Veterans' doctors still can't recommend medical cannabis. Rescheduling could change that.
A survey found that 91% of veterans who use medical cannabis experience better quality of life, and 21% reduced their prescription opioid use. But delays on rescheduling continue to limit access.
Delays to cannabis rescheduling could mean that veterans will have to wait even longer before they can get unrestricted access to medical cannabis.
The United States Department of Veterans Affairs (VA) is the nation's largest healthcare provider. It's also a federal organization, and is thus subject to federal law.
Cannabis's current federal status as an illegal, Schedule I substance means that VA doctors cannot legally recommend medical cannabis to their patients, they can't help them access medical cannabis, and the VA also won't pay for it. But, if the DEA reclassifies cannabis as a Schedule III substance, that could change. Schedule III substances are eligible for FDA approval as medications, while Schedule I substances are considered to have a "high potential for abuse," and no "accepted medical use."
60 percent of veterans support the full federal legalization of cannabis according to a recent poll from Ohio State University. Cannabis has shown promise as a treatment for PTSD, a condition that veterans are three times more likely to have than the general public.
When the department of Health and Human Services recommended that the DEA reclassify cannabis as a Schedule III substance, a group of Veterans Service Organizations were eager to write letter in support. The VA recently changed its policy to allow patients to discuss medical cannabis without consequence, but the VSOs argued this isn't enough:
While the U.S. Department of Veterans Affairs (VA) Veterans Health Administration (VHA) Directive 1315 currently dictates that services will not be denied to veterans who participate in state legal cannabis programs or acknowledge that they use cannabis, many veterans remain uncomfortable discussing cannabis use with their VA providers due to fear of retribution. Under current policy, veterans also cannot possess cannabis at VA facilities and the VA will not pay for any costs associated with medical cannabis. Further still, VA healthcare providers cannot help those under their care within the VHA to fill out applications for medical cannabis cards or to participate in regulated medical cannabis programs – even when they reside in a state with a legal program.
Since then, the DEA proposed a new rule to reschedule cannabis, and invited the public to comment on the rule. Commenters overwhelming not just rescheduling, but further measures to legalize cannabis on the federal level.

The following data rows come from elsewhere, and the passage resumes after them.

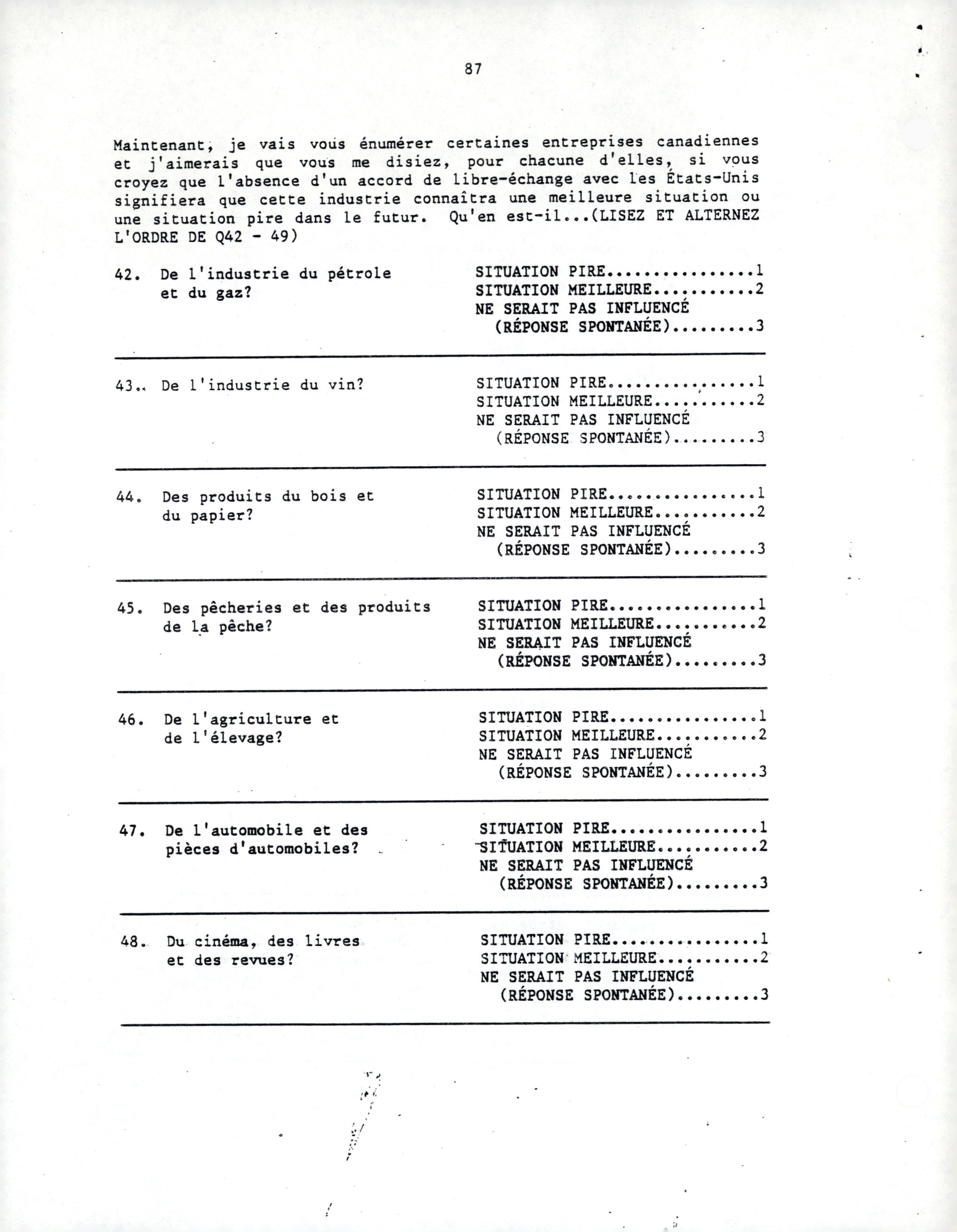 Rapport au Ministère des affaires extérieures sur les attitudes à l'égard de l'Accord de libre-échange Canada-E.-U. 1987-10
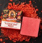 Spice up your shower game with Flamin' Hot Bricc, a fiery bar soap that packs a punch of bold spice and invigorating exfoliation. The lather is sprinkled with Cosmetic Sand and Jimmy Red Cornmeal, scrubbing away dirt and dead skin for a refreshing and smooth feel. And with an invigorating scent inspired by your favorite flamin' snack, the blend of Pink Pepper, Mandarin, and Sriracha will bring a fiery freshness to your senses. Get ready to feel revitalized and energized.
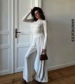 Широкие брюки палаццо визуально удлиняют ноги, а приталенный лонгслив подчеркивает фигуру Идеально для прогулок и отдыха!.
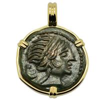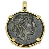 • Greek 133-80 BC, Apollo and Club bronze coin in 14k gold pendant.
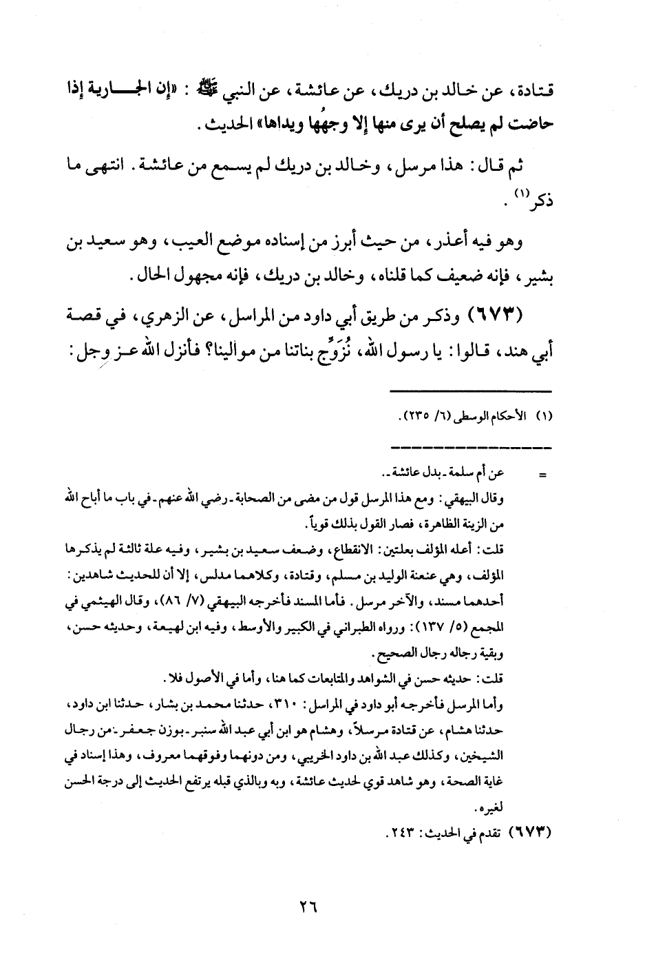 (673) وَذكر من طَرِيق أبي دَاوُد من المراسل، عَن الزُّهْرِيّ، فِي قصَّة أبي هِنْد، قَالُوا: يَا رَسُول الله، نزوج بناتنا من موالينا؟ فَأنْزل الله عز وَجل:

Over 1000 of those commenters mentioned veterans, or were veterans themselves. One anonymous commenter wrote:
As a service connected veteran, [cannabis] has helped save my life. I suffer from chronic pain as well as a form of stressor related disorder diagnosed by the veterans administration. I stand strong for the rights of all veterans and those with medical conditions that they should have the right to access their own medicine, that helps them heal. Cannabis does this, it's really just that simple.
Another anonymous commenter wrote:
I am a former Marine, combat wounded, Vietnam Veteran who pledged my life for this Country. CanNani’s has been shown to provide a great range of benefits for pain, depression and PTSD. How can you withhold something with so much potential to help so many Veterans? You ask them to pledge their very existence and then drop them when something comes along that can help them. 11% in Operation Freedom to 30% in Vietnam Veterans. Almost 1/3rd of homeless are Veterans with a 7.4% spike last year. Many due to PTSD. Please help us. Make medical marijuana legal. HELP ME.
The Balanced Veterans Network wrote:
Veterans suffering with chronic pain deserve to have access to cannabis as an alternative to harmful and addictive medications like opioids. Additionally, making cannabis an option available for veterans suffering with mental health disorders like, Post Traumatic Stress Disorder (PTSD), Depression and Anxiety, is vital to ending the veteran suicide crisis and deserves the full support of our government.
David A Camp, a veteran and retired criminologist, went so far as to write a report with citations on how the VA's bias against cannabis has hurt disabled veterans. He details the damage of opioid contracts, which require veterans who receive opioid prescriptions to abide by a strict set of rules, including avoiding cannabis. While the VA no longer requires patients to sign these contracts, they do still require patients to submit to drug testing, which might cause them to hesitate to use cannabis. Such measures may do more harm than good, as cannabis could help patients cut down or stop using opioids.
A 2023 survey found that 91% veterans who used cannabis experienced greater quality of life, and that 21% used fewer opioids as a result of their medical cannabis use.
But despite the overwhelming support from public commenters, the DEA has continued to delay finalizing rescheduling. After the public comment period ended, the agency announced it would hold a hearing with witnesses in December. Just last week, the DEA delayed that hearing until January at the earliest,due to errors in vetting witness qualifications. Full medical cannabis access for veterans remains a distant hope.